I think she's played her hand badly here. I would not have had them miss the lesson, I'd have had the chatty ones in BOOTCAMP. No fun, no games - either mindless running around the playground/field or a killer session of burpees, star jumps, lunges etc. Worn the little buggers darlings out. I'd have let the non chatters play a game of their choice in the middle.

Cancelling PE is daft, one because getting them outside & worn out can only help their behaviour & two, because it'll only encourage the ones who hate PE to act up.

Unless of course it's a one off and your bollocking is amazingly effective
💐TheTroubleWithAngels 😁

I would HOPE that NO teachers replace a PE class with 'punishment' maths these days. It's hard enough to get kids to enjoy maths without reinforcing the fact that it's 'punishment'.

It will not do the snowflakes one bit of harm to be told she's had enough of their behaviour & would rather not come in tomorrow. The trouble is kids are so closeted these days that it's unusual to hear anything non airy-fairy & nicey nicey. A bit of reality will do them all good!

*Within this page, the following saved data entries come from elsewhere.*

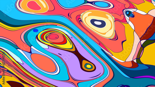 Dynamic Fluid Shapes with Vibrant Colors, Abstract Art Background for Summer Music
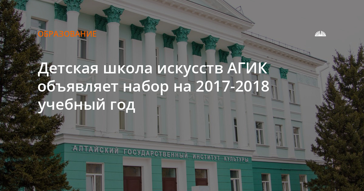 Алтайский государственный институт культуры более 40 лет готовит специалистов в области культуры и искусства. Институт осуществляет многоуровневую подготовку высококвалифицированных специалистов по программам бакалавриата, специалитета, магистратуры и аспирантуры, по программам дополнительного образования детей и взрослых; дополнительного профессионального образования. С 2015 г. осуществляет обучение детей по дополнительным предпрофессиональным программам в области искусства.
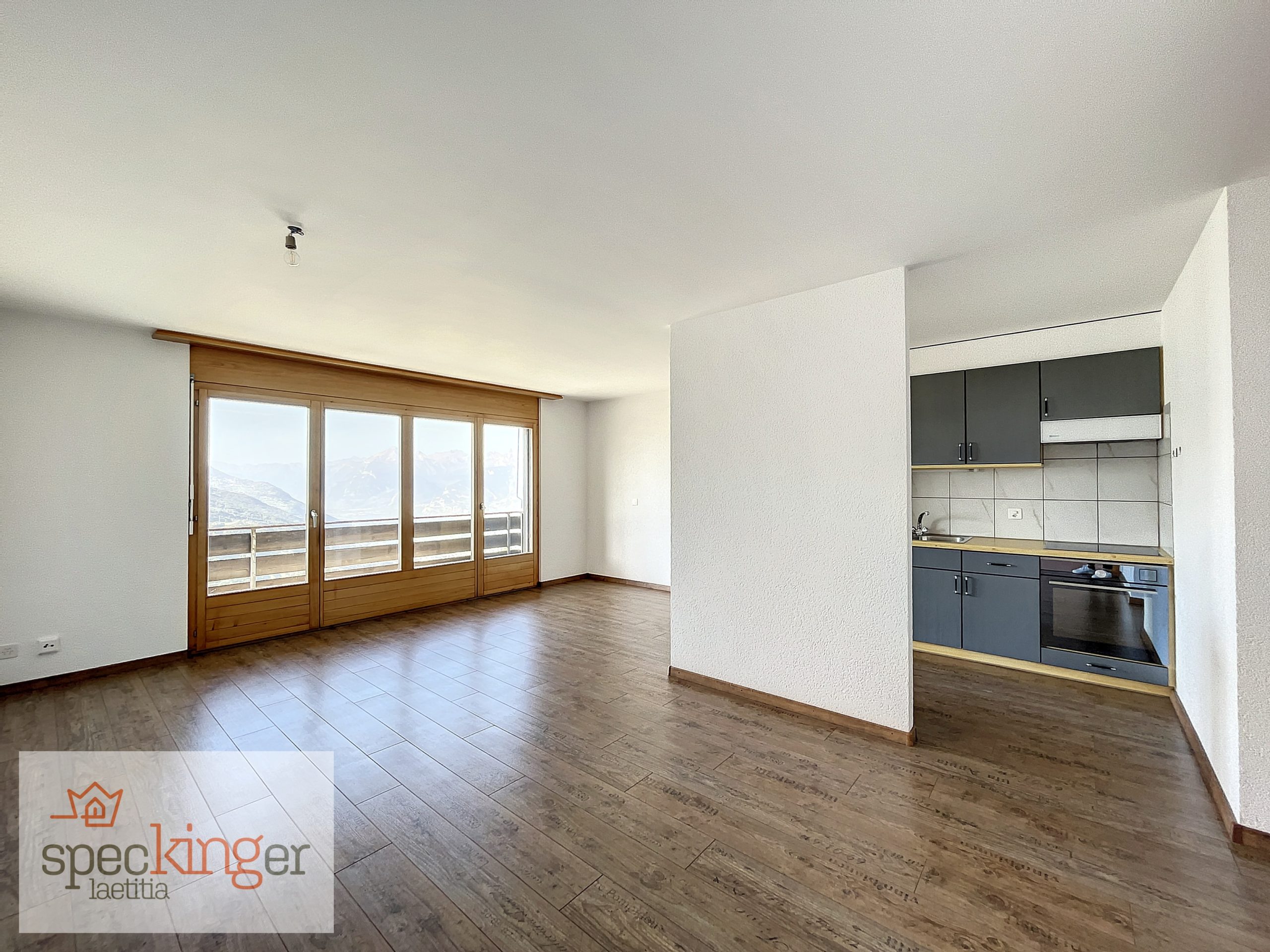 Il dispose d’une entrée avec placards, d’une belle pièce de vie avec cuisine ouverte, équipée et aménagée, baignée de lumière grâce aux grandes fenêtres donnant accès au grand balcon sud et à sa superbe vue imprenable sur la vallée du Rhône et ses montagnes.
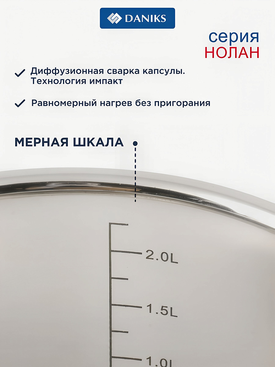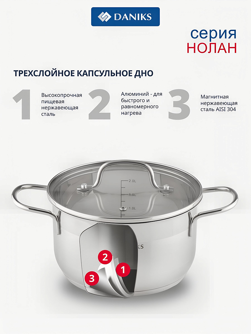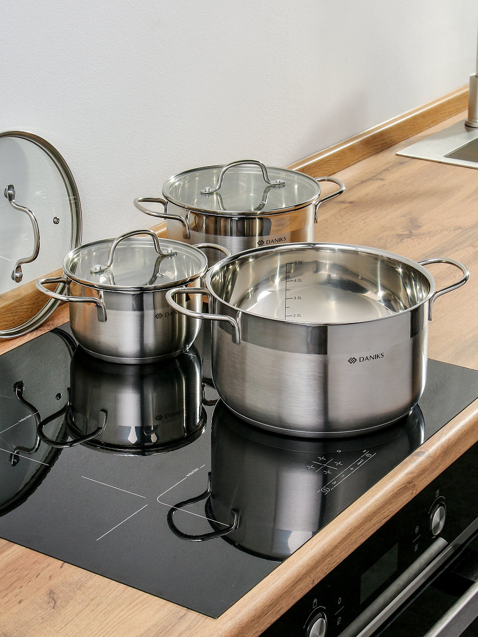 Набор кастрюль Daniks Нолан — это комплексное решение для тех, кто ищет, какую посуду выбрать для индукционной плиты, или спрашивает, что лучше для ежедневного приготовления дома и на даче. Кастрюли изготовлены из пищевой нержавеющей стали, что обеспечивает равномерный прогрев, устойчивость к царапинам и долгий срок службы. Прозрачные крышки из закалённого стекла позволяют следить за процессом готовки без потери тепла.
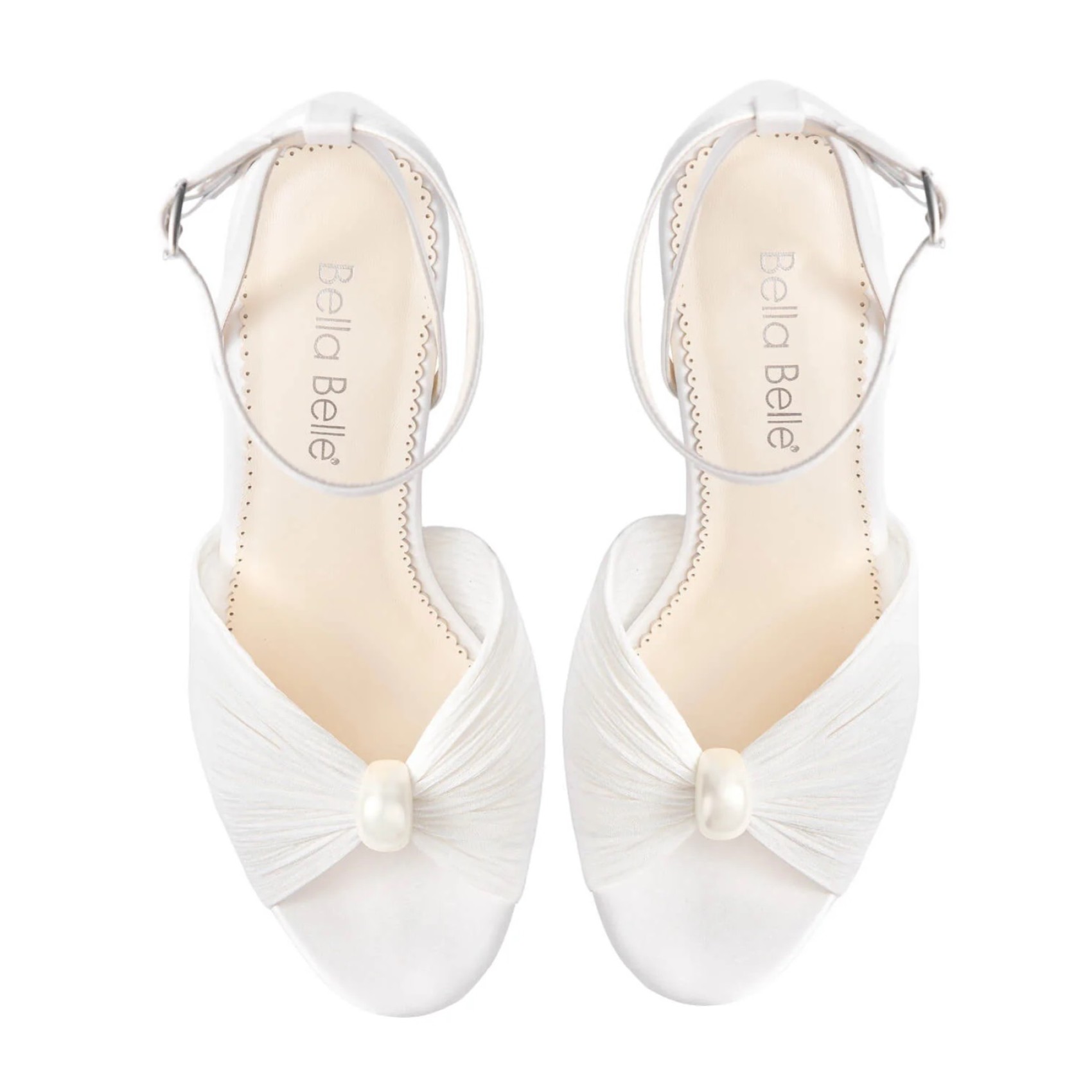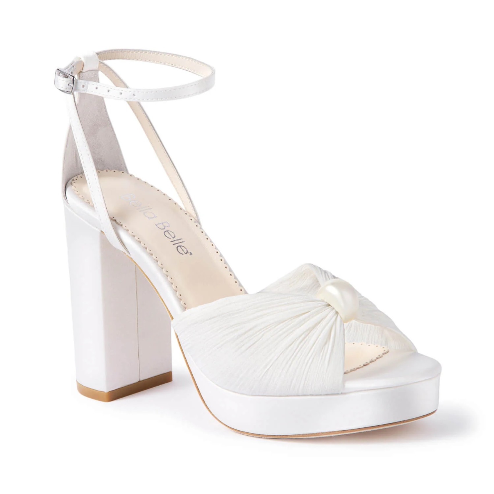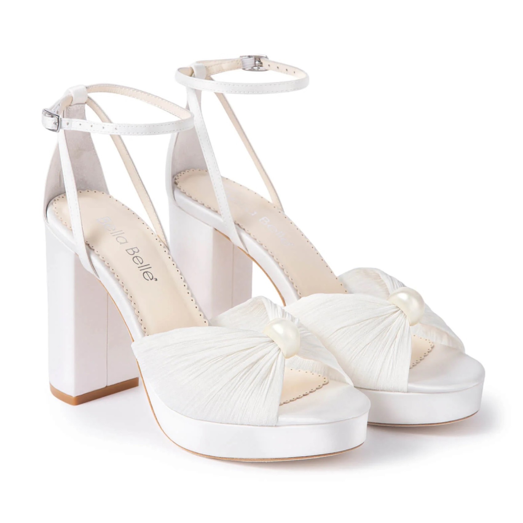 Bella Belle Lexi Ivory Pearl Tulle Block Heel Platform Sandals | LEXI-BB
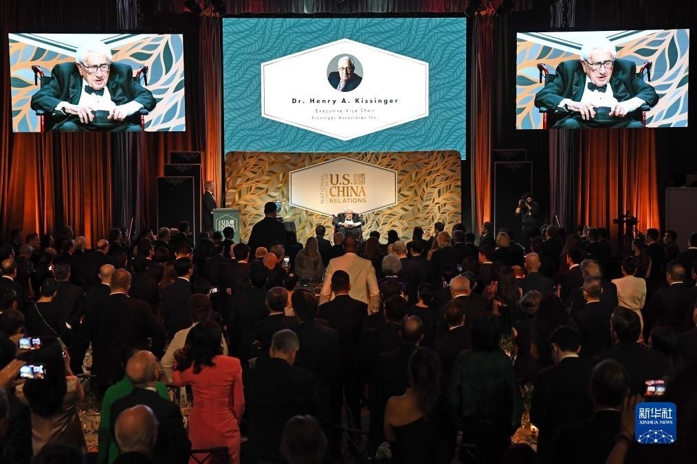 10月24日,美國前國務(wù)卿基辛格(中)在紐約舉行的美中關(guān)系全國委員會(huì)年度頒獎(jiǎng)晚宴上講話。新華社記者 李睿 攝
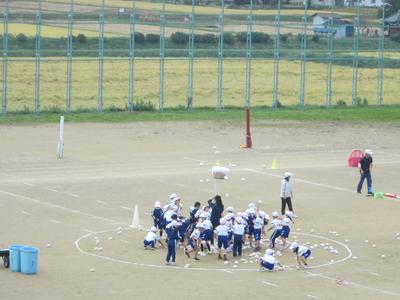 1年生は「玉入れ」をしています。 小学校に入学して初めての運動会となります。

OP. I'd just let her get on with it tbh. She has to deal with 30 kids day in, day out. It's up to her to see what does/doesn't work with this class. If it hasn't settled down by half term, then maybe it's time to have a chat with someone. Until then just tell DS that it's his teachers rules, but if he thinks they aren't fair he could talk to her (not at that time), write her a letter, start a petition or have a 'word' with the Head Teacher. Maybe.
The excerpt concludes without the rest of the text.